Okay, maybe that’s a slight exaggeration but this kind of scenario is often described during my coaching and training programmes and there are many different ways of addressing it. I would love to hear your thoughts on how you make decisions and communicate with team members around the sometimes thorny subject of work assignment.

  • Have you experienced this situation?
  • Should it be a democratic decision?
  • How about the team leader just deciding based on their knowledge of everyone’s workload?
  • How do you deal with those tumbleweed moments?

5 Responses to How do you avoid tumbleweed moments?

  • In my experience as a manager I’ve found that you sometimes have to do a little of both delegating and asking for volunteers. First I always look for who is best suited and most likely interested in the task and balance that with availability. Unless I’m really stuck for resources, I wouldn’t likely approach this situation by asking for any volunteers in a team meeting. I would most likely approach the one or two “best” people and let them know what I need and why I need them. I may ask them to have a decision by the meeting and if someone else also puts their hat in the ring – we’ll discuss it then.

    Part of being a manager is making the decisions, looking for volunteers can backfire and make you look like a weak leader. You have to know your team and the specific situation but in the end, they’re looking to you for leadership; you don’t want to compromise that.

  • When you ask for a volunteer, you put people on the spot. They are being asked to claim the necessary expertise, and that exposes them to risk of failure, because they may not know what your expectations are.

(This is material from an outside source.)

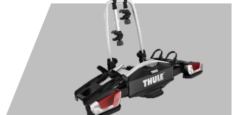
Nosič pre 2 bicykle na ťažné zariadenie Jednoduchá montáž bicyklov vďaka odnímateľným fixačným ramenám, nosnosť 46kg Číslo dielu: 1629425880 Cenniková cena: 715,58 €

    However, if you outline the expertise required, and nominate one or two people who fit the bill, others might be prepared to jump in and claim an equal qualification, now that they know your expectations.

    • Hi Phillip. Thanks for your comment. I agree that we need to be making it as easy as possible for people to step up without feeling put on the spot.

  • Thanks for contributing to the conversation Beverley. I like your descriptions of why people do or don’t volunteer.

  • Hi Jullie
    I certainly have experienced it and I don’t think it’s always an easy thing to manage. There are many variations of how people will react when work is assigned.

    You have the people who volunteer because:

    1. It may be something they will enjoy doing and don’t think of the consequences
    2. It’s an opportunity to make their mark and show off their talents
    3. The know that they can do the job well
    4. They feel they ought to
    5. They think if they don’t it could be held against them

    You hae the people who don’t volunteer because:
    1. They realise they couldn’t take on any more work
    2. It’s outside their area of expertise
    3. They’re not interested in the particular task
    4. They can’t be bothered
    5. They’re afraid they won’t be able to manage

    I think the manager firstly has to make a decision on whether they are going to allocate a particular task or make it part of a democratic process ie discussion and this will depend on the context and the task itself.

    If the manager is making the decision, then they need to have thought it through thoroughly and be able to explain to a team memember why they are being allocated the work. They also need to be prepared for someone to say no, and consider what they would do about that.

    If the decision is made by a democratic process then I think they need to be aware that the same people may keep offering and be aware of them overloading themselves. Sometimes the manager may have to say ‘Id like someone to volunteer who hasn’t volunteered before.’

    To minmise those ‘tumbleweed moments’ a manager should have a good knowledge of the current workload of their team members and listen equally to what’s said and what isn’t said.